Interel taps up Thomson

Written by Rod Muir on 2 February 2017 in News

The Whitehouse Consultancy loses its second-in-command.

Interel has appointed The Whitehouse Consultancy’s second most senior lobbyist as a director in its London office.

Conservative councillor Carl Thomson makes the move after seven years at Chris Whitehouse’s agency, where he has most recently been number two to managing director Helen Munro.

Last year, Thomson was elected to the Management Committee of the Association of Professional Political Consultants. He is also a Conservative councillor on Woking Borough Council and a former Tory parliamentary candidate.

He has previously worked as a senior aide to Tory MP John Redwood. From 2004 to 2005, he also worked as a research assistant to Theresa May when the Tories were in opposition and May was a shadow cabinet minister.

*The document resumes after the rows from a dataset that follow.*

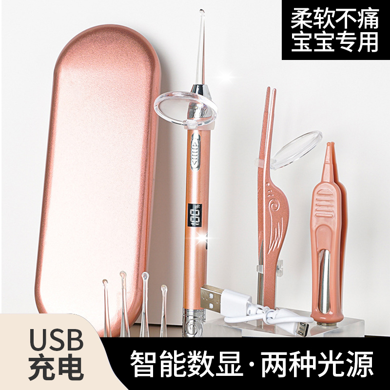 兒童掏耳勺發光帶燈耳屎鑷子硅膠高級耵聹鉤充電挖耳采耳專業工具
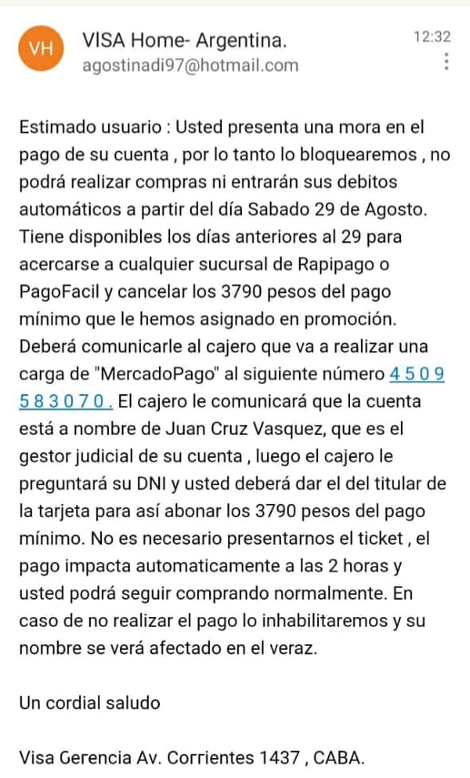 Se trata de una nueva modalidad de “Cuento del Tío”. En esta ocasión el mensaje le decía a la posible víctima que poseía una deuda con Tarjeta Visa y que podría comenzar a regularizar la situación mediante un pago mínimo de $3.790 que debería concretar antes del 29 de agosto. De lo contrario ingresaría en el Veráz. El número de cuenta que debía informar al cajero corresponde a Mercado Pago, N° 4509583070, a nombre de Juan Cruz Vázquez.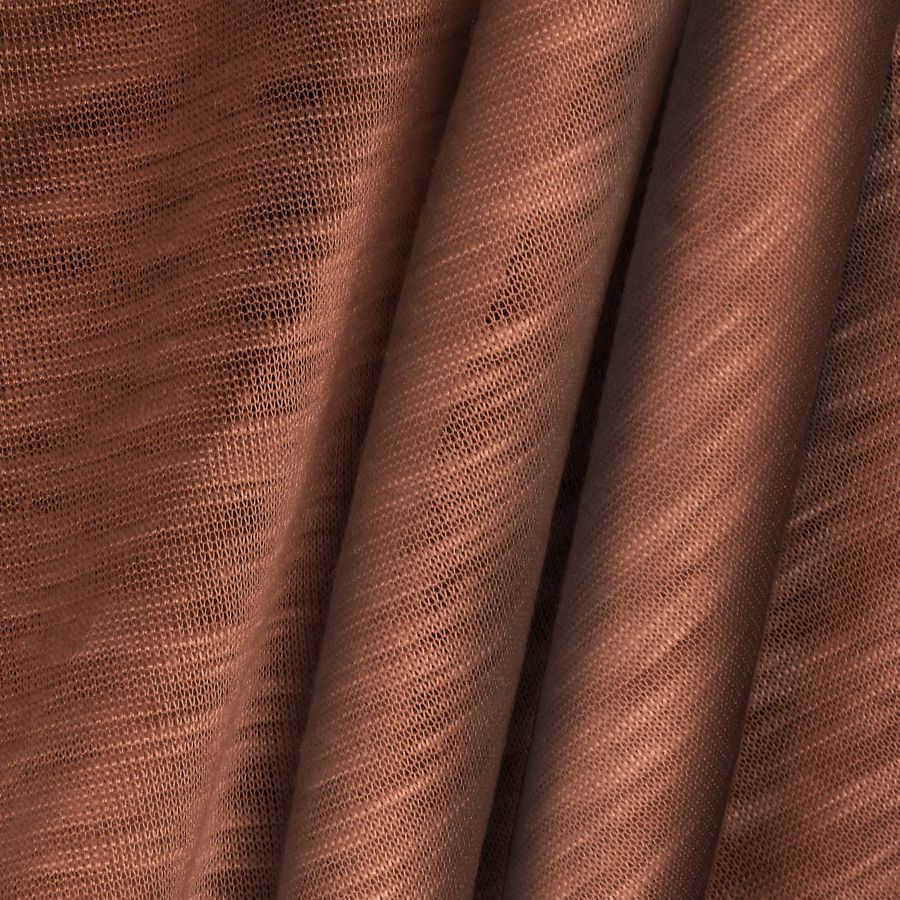 La tela base de esta prenda es una Punto Camiseta Jaspeado - Dubái, compuesta en su totalidad por poliéster. El color liso impreso es un tono marrón con pátina, cuyo CMYK es 33 65 67 38. Este color se caracteriza por ser oscuro y tener un aspecto "viejo", aportando profundidad a la prenda. Su tonalidad permite combinarlo con otros colores marrones o beige para una apariencia más cálida y natural.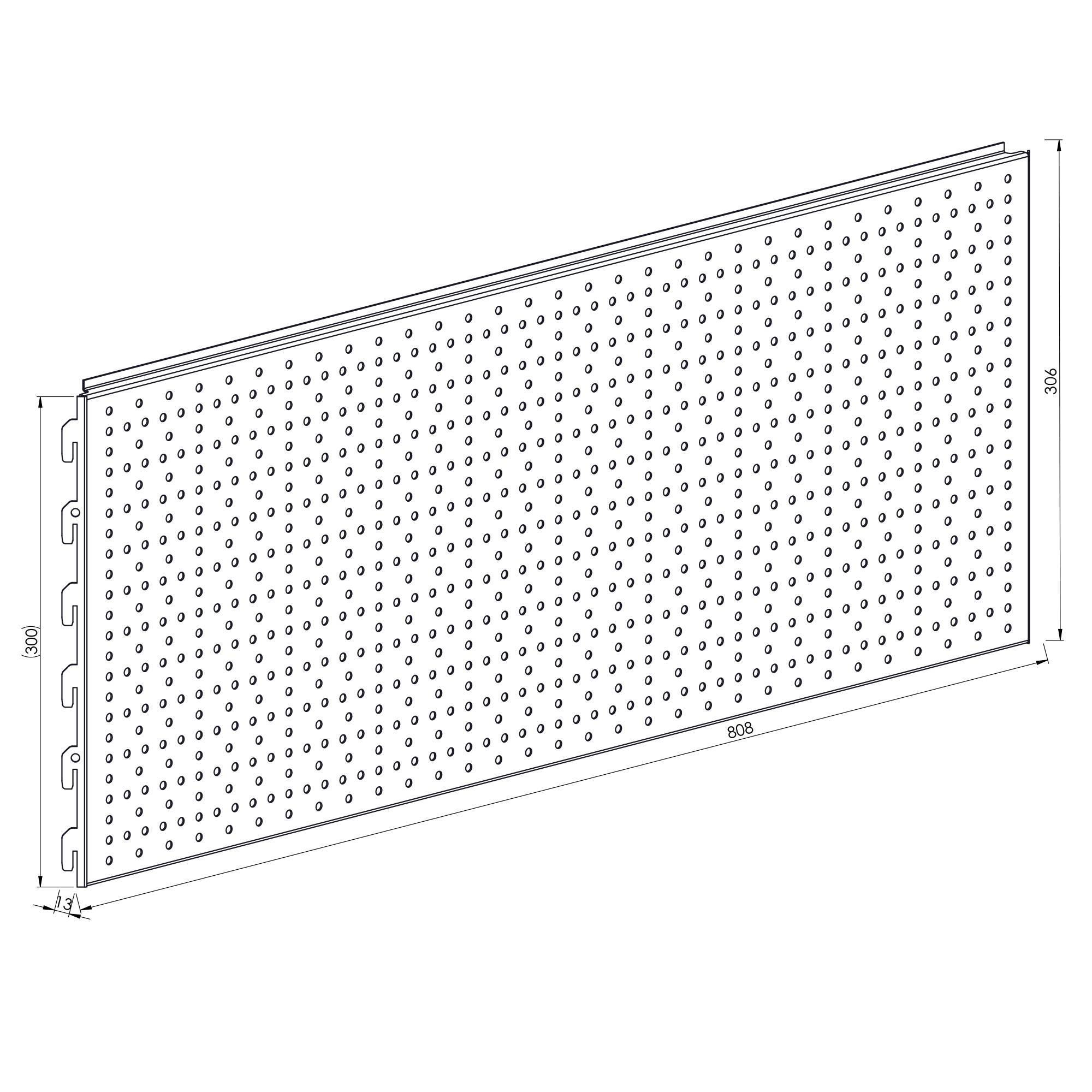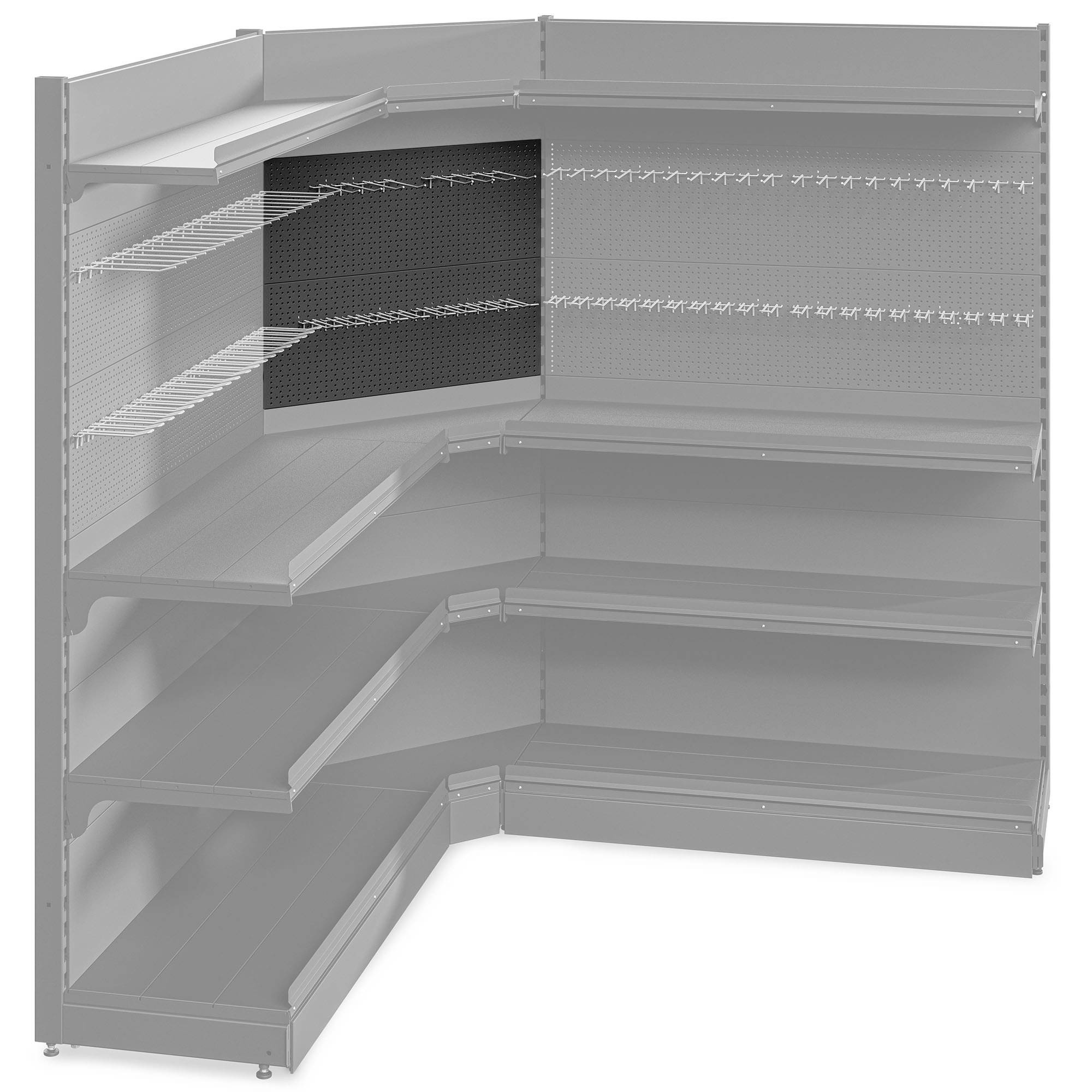 Metalowy element o długości precyzyjnej 80 cm stanowiący plecy regału narożnego. Na powierzchni blachy zostały wycięte otwory europerforacji umożliwiające montaż dodatkowych akcesoriów zgodnych z tym standardem np. Wieszaków ekspozycyjnych.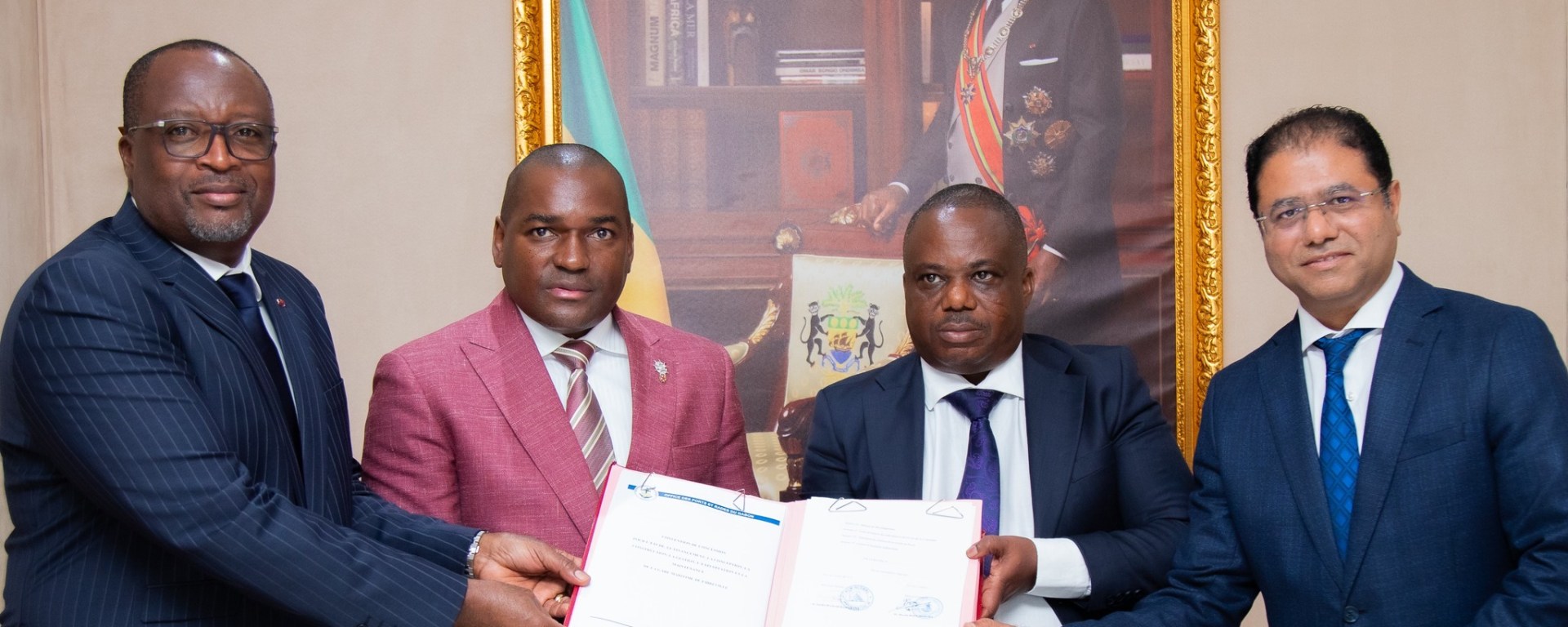 Le Ministre d’État, Ministre des Transports, de la Marine Marchande chargé de la Logistique, Ulrich MANFOUMBI MANFOUMBI, a présidé la signature de la convention de concession relative à la construction d’une gare maritime à Libreville, conclue entre l’Office des Ports et Rades du Gabon (OPRAG) et AOM GROUP.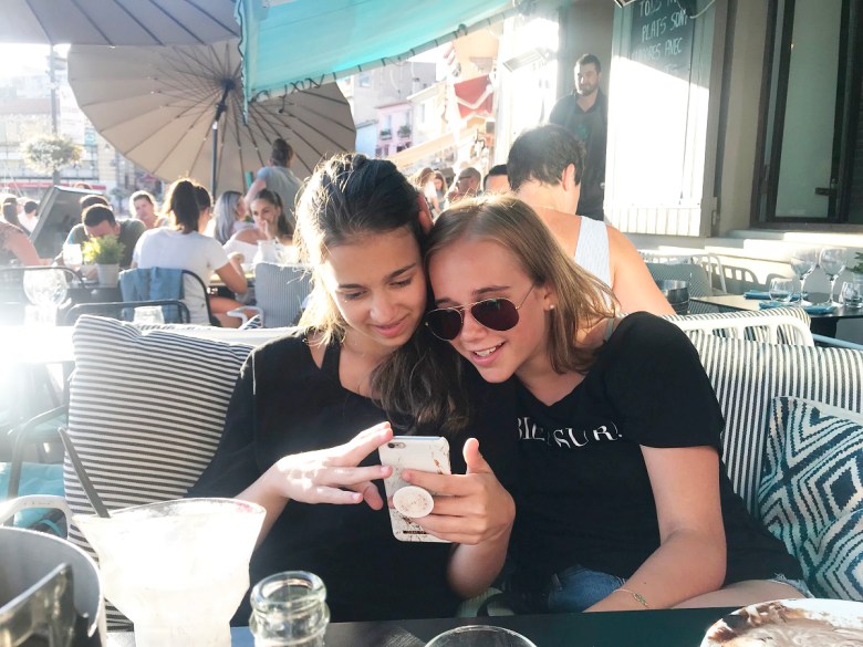 Avrundar inlägget från Cassis med en bild på efterrätten som Jackie och jag delade. Jackie är också på gång att fota. Minns nu vilket otroligt fint mobilskal hon hade, med papegojor.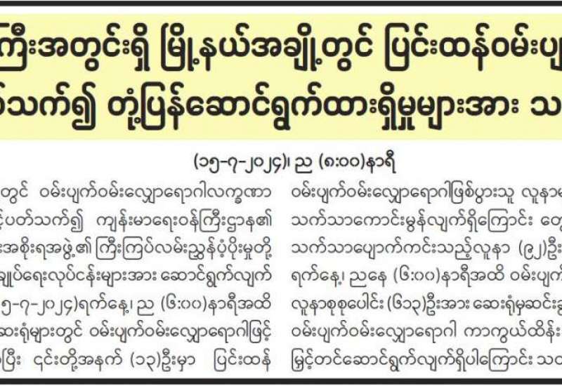 ၁။ ၂၀၂၄ ခုနှစ် ဇူလိုင်လ ၁၉ ရက်နေ့တွင် ကျင်းပပြုလုပ်မည့် (၇၇) နှစ်မြောက် အာဇာနည်နေ့အခမ်းအနားကို ဗဟန်းမြို့နယ်ရှိ အာဇာနည်ဗိမာန်တွင် ကျင်းပပြုလုပ်မည်ဖြစ်ရာ အခမ်းအနားကျင်းပမည့် နံနက် ၄ နာရီအချိန်မှ အခမ်းအနားပြီးဆုံးသည်အထိ အနောက်ရွှေဂုံတိုင်လမ်းအား ရေတာရှည်လမ်းဟောင်းမှလည်းကောင်း၊ ရွှေဂုံလမ်းအား ဓမ္မစေတီ-ရွှေဂုံလမ်းဆုံမှလည်းကောင်း၊ အာဇာနည်လမ်းအား အနောက်ရွှေဂုံတိုင်လမ်းမှ ဦးထောင်ဘိုလမ်းအထိလည်းကောင်း၊ ဦးဝိစာရလမ်းအား ဦးဝိစာရအဝိုင်းမှ ဦးဝိစာရ-ဓမ္မစေတီလမ်းဆုံအထိ လည်းကောင်း လမ်းပိတ်/လမ်းလွှဲ ဆောင်ရွက်သွားမည်ဖြစ်ပါသည်။
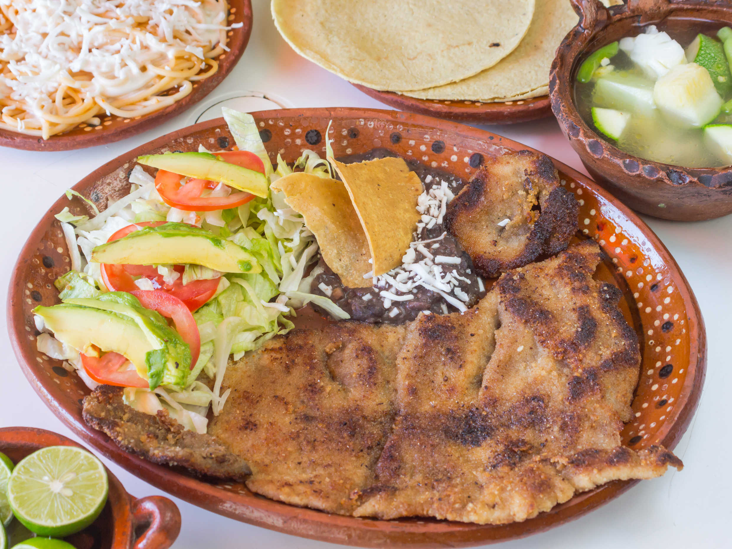 Milanesa de pollo, milanesa y queso Oaxaca.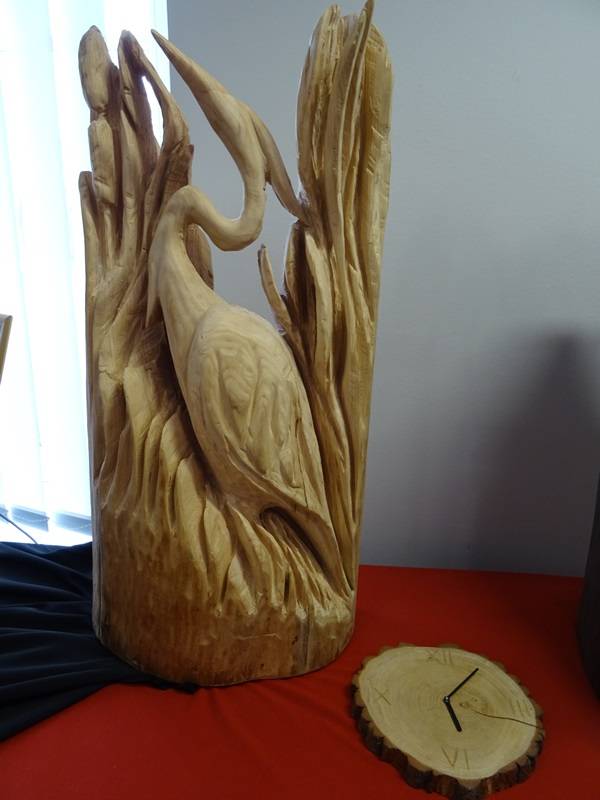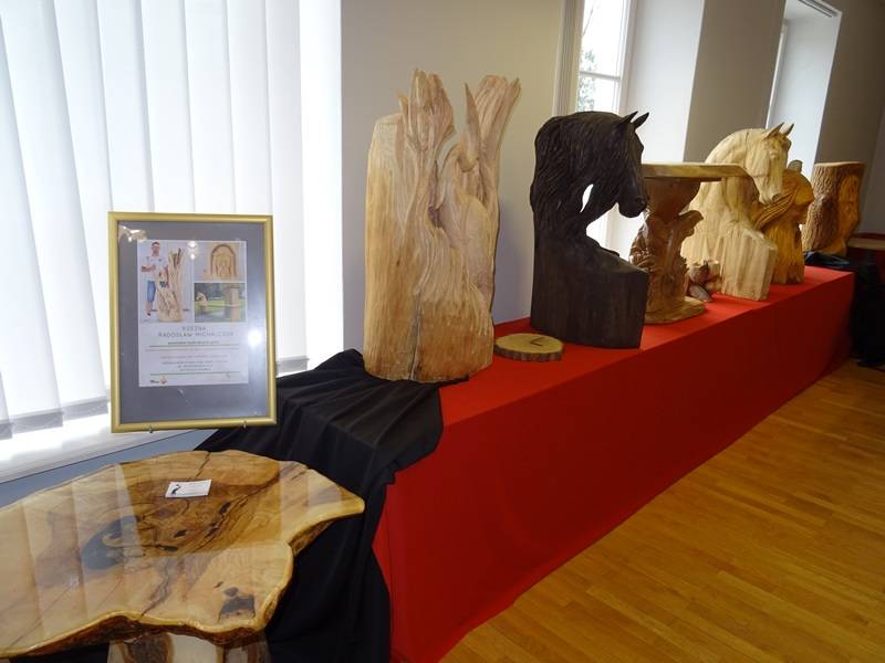 Podczas wernisażu w bibliotece pan Radek zdradził, że głównym narzędziem jego pracy jest pilarka spalinowa, do której dokupuje specjalne końcówki do rzeźbienia. Do wykończenia bardziej precyzyjnych szczegółów używa też dłuta i szlifierki. Przy tworzeniu najważniejsza jest jednak wyobraźnia. Nie zawsze wie, co powstanie z kolejnego kloca drewna. Ale często już po pierwszych cięciach wyobraźnia zaczyna pracować i powstają dzieła doceniane w całej Polsce, jak czaple w szuwarach, głowy koni, czy imponujących rozmiarów ławka z głową konia po jednej i z wieżą zegarową po drugiej stronie. Ulubionym tematem są właśnie konie, być może dlatego, że pan Radek pracuje z tymi zwierzętami na co dzień. Kiedyś pracował jako masztalerz w stadninie w Janowie Podlaskim, obecnie w stajniach Dworu Droblin.

According to his LinkedIn, Thomson also spent four years working "food preparation" for Burger King before heading into the world of Tory politics.

Interel said that Thomson was joining “at a time of expansion for the agency”.

Over the past year, the agency claims to have won business from CNA Financial Corporation, Serco, and a multi-country contract to support Chinese e-commerce platform Alibaba in Beijing, Brussels, Paris, Berlin, London and Rome.

Thomson said: “I’m excited to be joining the Interel team. At a time when politics is being shaped by the world around us, Interel’s integrated approach and global reach means it is ideally placed to help clients develop a strategic response to Brexit and overcome legislative or regulatory challenges in whatever marketplace they operate.”

Interel managing partner George McGregor said: “We’re delighted to welcome Carl to Interel. Carl has a fantastic reputation and is committed to providing the highest quality of services to his clients.”

“We have ambitious plans for growth over the next few years and see this appointment as a way of strengthening our senior team and ensuring our clients receive the best possible advice in the post-Brexit landscape.”